Today’s Guardian has an account from a juror who was part of the 1996 trial that acquitted a perpetrator of sexual assault. He went on to rape 70 other women. Although Contempt of Court laws mean that the juror, Kathy Lette, cannot reveal the exact details of the jury’s decision, she strongly implies that 11 jurors voted the defendant innocent, with only herself considering him to be guilty. As she puts it, the jury was comprised of “One Angry Woman and 11 Irritated People Who Want Lunch”. Not only was the makeup of the jury highly unrepresentative (2 woman and 10 men), the jury was falsely led to believe that they could not convict on the women’s testimony alone, while the defence lawyer was permitted to make evidence-free insinuations about the woman’s mental health and label her a man-hater.
The sexual assault victim had never met the man before: there was not a credible reason in the world why she would lie about the assault, and yet 11 irritated jurors decided that she had done just that. Why? Because we live in a society infected with the myth that lonely, angry or jilted women like to cry rape. Take a quick look at The Guardian article’s comments if you think I’ve lost the plot. In the words of one particularly incisive commenter: “A significant proportion of rape and sexual assault allegations are false. Significant in that they are sufficient to force police, courts, juries and the rest of us to treat all such allegations with extreme caution and scepticism. Juries know this.”
The percentage of false allegations for rape and sexual assault is no higher than it is for any other crime. It is statistically no more likely that a person will falsely accuse someone of rape than it is that they will falsely accuse someone of burglary. Yet can you imagine anyone writing “a significant proportion of burglary allegations are false. Significant in that they are sufficient to force police, courts, juries and the rest of us to treat all such allegations with extreme caution and scepticism”? Replace the words “rape and sexual assault” with theft, GBH, murder, fraud, treason, dealing drugs, manslaughter or any crime you can think of. No other victims are treated with such outright scepticism- such scepticism in fact, that even the Crown Prosecution Service acknowledges the problem:
“In no other crime is the victim subject to so much scrutiny during an investigation or at trial; nor is the potential for victims to be re-traumatised during these processes as high in any other crime”.

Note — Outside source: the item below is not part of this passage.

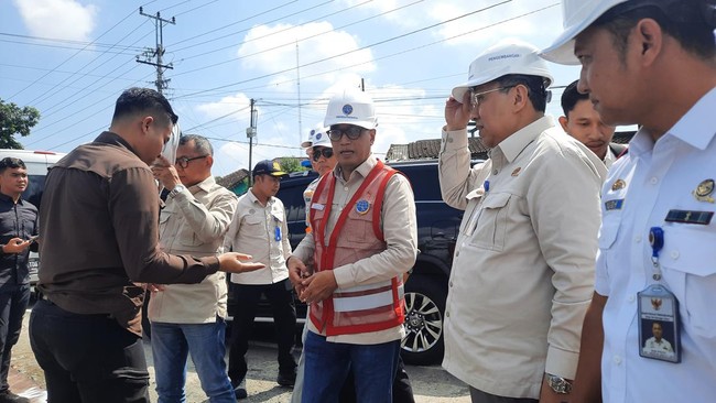 Budi tampak mengenakan rompi APD lapangan dan topi. Ia menaiki sebuah kereta lori untuk mengecek perkembangan pembangunan.

Even though false reporting is not high, whenever a rape case goes to trial acquittal is by far the most likely outcome. But is it really any wonder that clueless jurors acquit rapists – and in the case mentioned above, let 70 other women become victims – when there exists this myth that it’s likely the victim is lying? In the 70s, conviction rates for rape were over 30%. Now they’re not even a sixth of that.
Not content with the obvious fact that the justice system is failing the victims of rape and sexual assault, the Con-Dem government is moving forwards with plans to grant anonymity not to all those accused of crimes, but just to those accused of rape. Why? Because of that tired old assumption that rape victims are likely to be telling lies. The only thing this will achieve is further convicing already biased juries that they know the trial’s outcome before the defence lawyer so much as begins the wild assertions about the victim’s moral character, provocative dress and past promiscuity. It could be worse though: The Daily Mail‘s vile pundit Melanie Phillips could get her way.